>>>
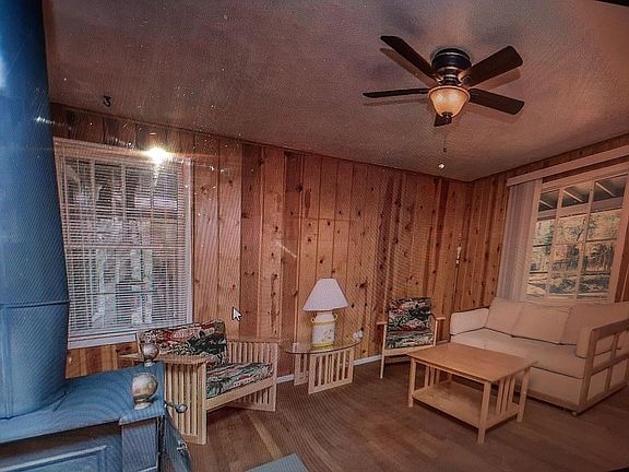 Cute little cabin in the pines with real oak strip flooring, notty pine walls . Home is being sold as is. Gutters need to be replaced. Wall board in the bathroom needs replaced. Exterior of house needs to be painted.
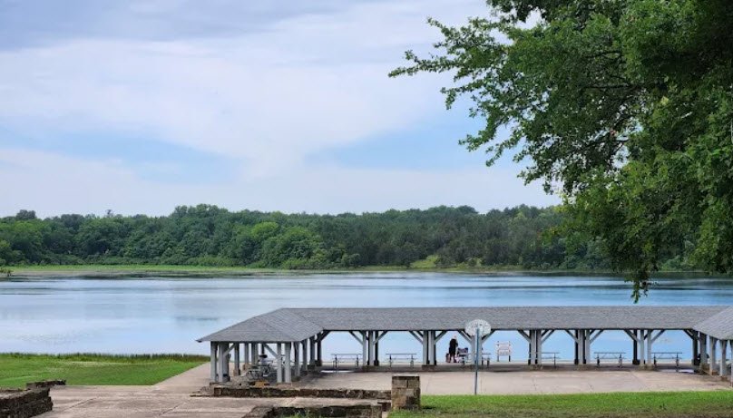 The park sits in the Blackland Prairie region, with rolling grasslands and scattered woodlands that grow thicker along watercourses and the shoreline of a 65‑acre lake impounded by an earthen dam built by the Civilian Conservation Corps in the 1930s.
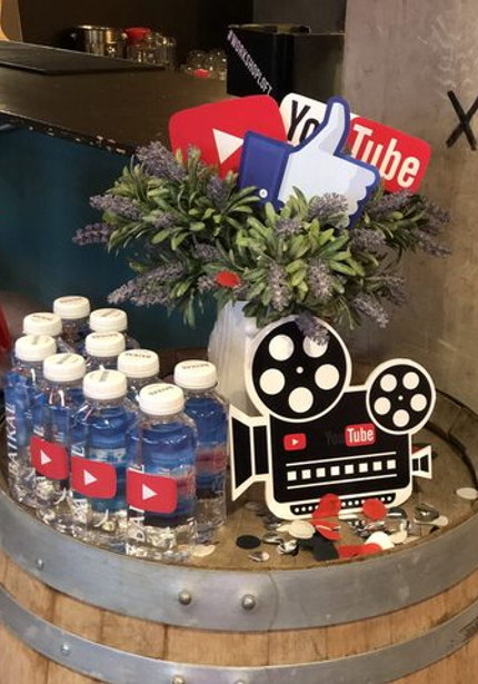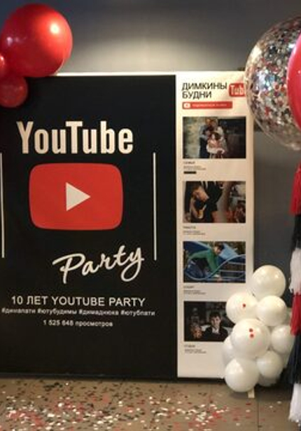 Даже для такой необычной тематики, как увлечение Ютубом, можно придумать классную вечеринку! Наша Женя оформила стильную фотозону с крутым задником и стол в подходящих красных тонах. Как вам идея?
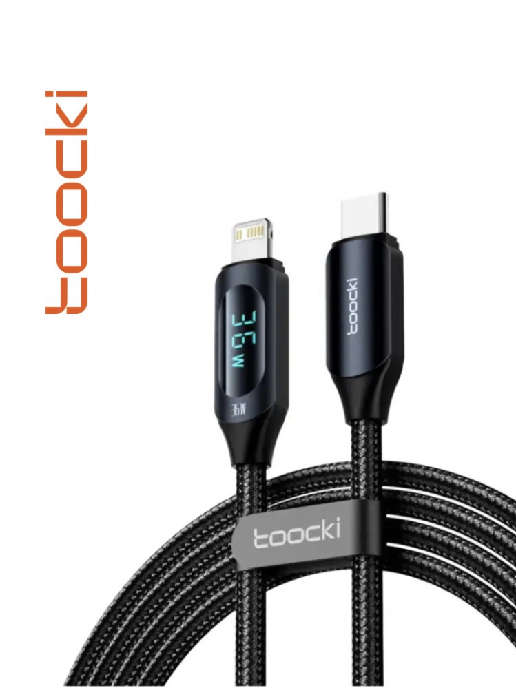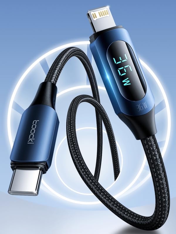toocki USB C to Lightning Cable PD 36W Super-Fast Charging Cable with Digital Display for iPhone 14 13 12 11 Pro Max Xr Xs 8 and more | 480Mbps Data Transfer | Nylon Braided+TPE (3.3FT) (Black, 1)
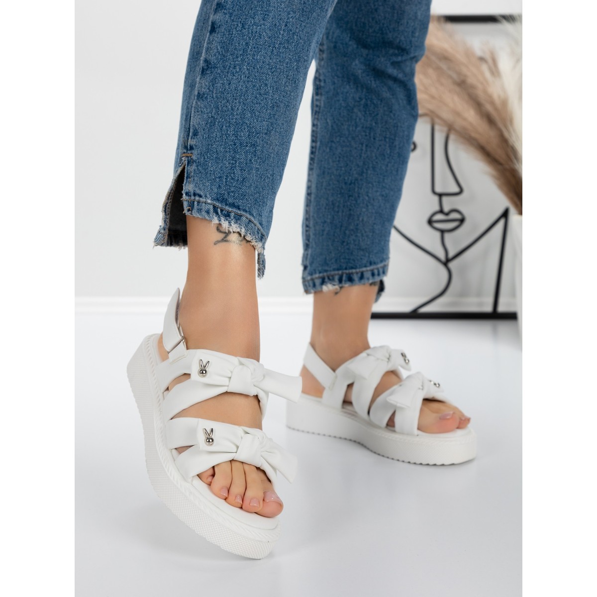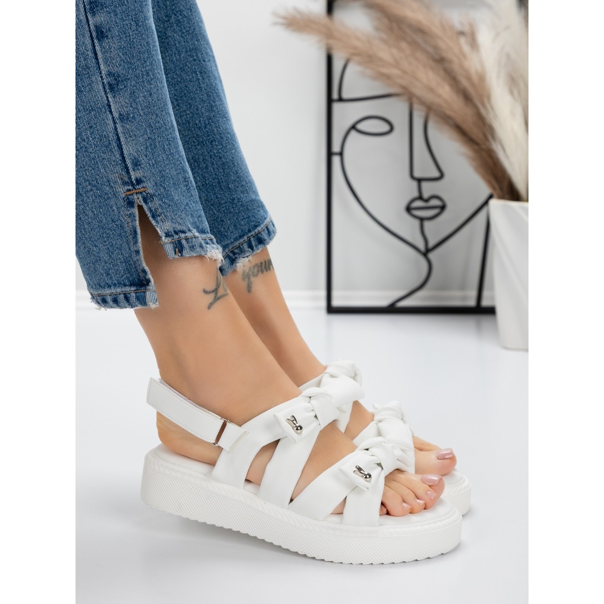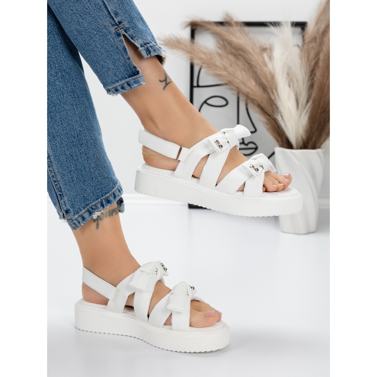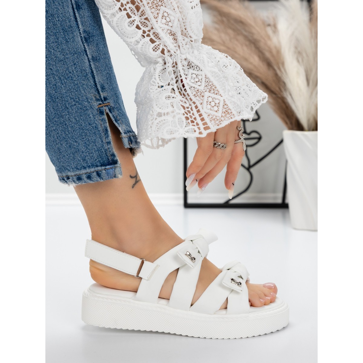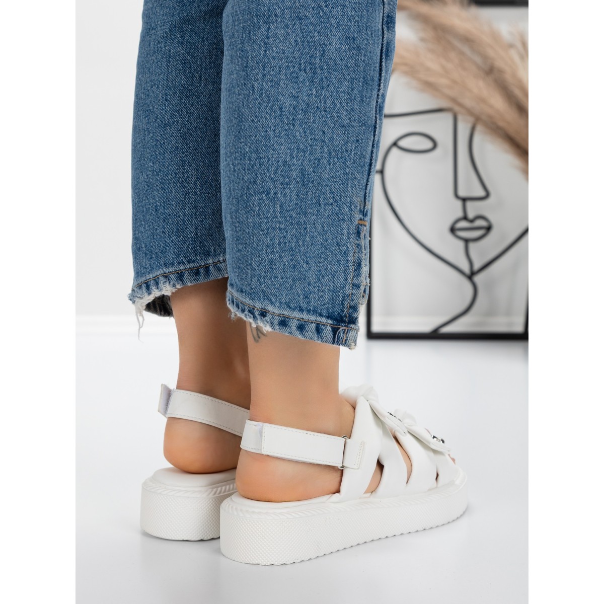 Sandale Dama cu Talpa Joasa 5H29 Alb | Mei
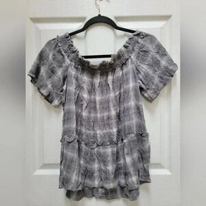 Maurices Off The Shoulder Elastic Plaid Blouse Size Medium NWT
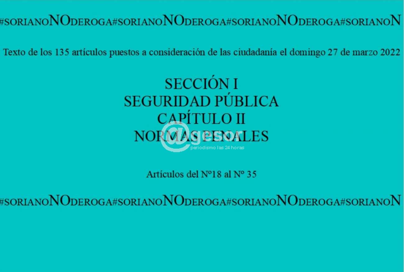En esta nota como aporte a la ciudadanía, desde el Comando de #SorianoNOderoga continuamos informando sobre el texto que contienen los 135 artículos de la Ley de Urgente Consideración que están a consideración de la ciudadanía y que se pondrán a referéndum de ella el domingo 27 de marzo de 2022. Lo que se marca en negrita es lo que se modifica o agrega.
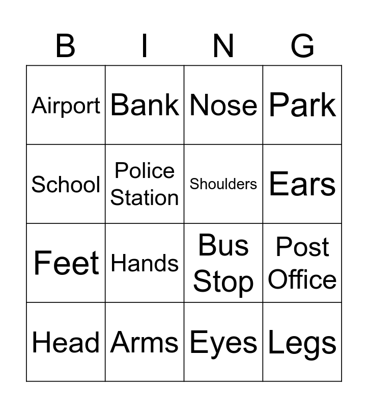 This bingo card has 16 words: Head, Arms, Nose, Park, School, Bank, Bus Stop, Post Office, Airport, Police Station, Eyes, Ears, Feet, Hands, Shoulders and Legs.
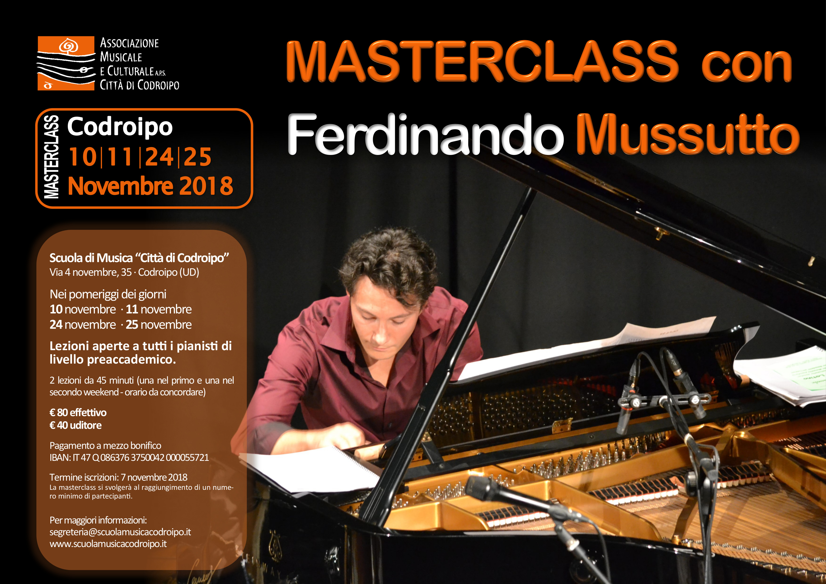 Lezioni aperte a tutti i pianisti di livello preaccademico per la Masterclass con il m° Ferdinando Mussutto, nei pomeriggi dei giorni 10-11 e 24-25 novembre 2018.
<<<
> [WORK INSTRUCTION] Starting at the line above that holds "Sandale Dama cu Talpa Joasa 5H29 Alb | Mei", return each line up to and including the one that holds "This bingo card", exactly as written, minus any pictures.

> [RESPONSE AREA]
 Sandale Dama cu Talpa Joasa 5H29 Alb | Mei
 Maurices Off The Shoulder Elastic Plaid Blouse Size Medium NWT
En esta nota como aporte a la ciudadanía, desde el Comando de #SorianoNOderoga continuamos informando sobre el texto que contienen los 135 artículos de la Ley de Urgente Consideración que están a consideración de la ciudadanía y que se pondrán a referéndum de ella el domingo 27 de marzo de 2022. Lo que se marca en negrita es lo que se modifica o agrega.
 This bingo card has 16 words: Head, Arms, Nose, Park, School, Bank, Bus Stop, Post Office, Airport, Police Station, Eyes, Ears, Feet, Hands, Shoulders and Legs.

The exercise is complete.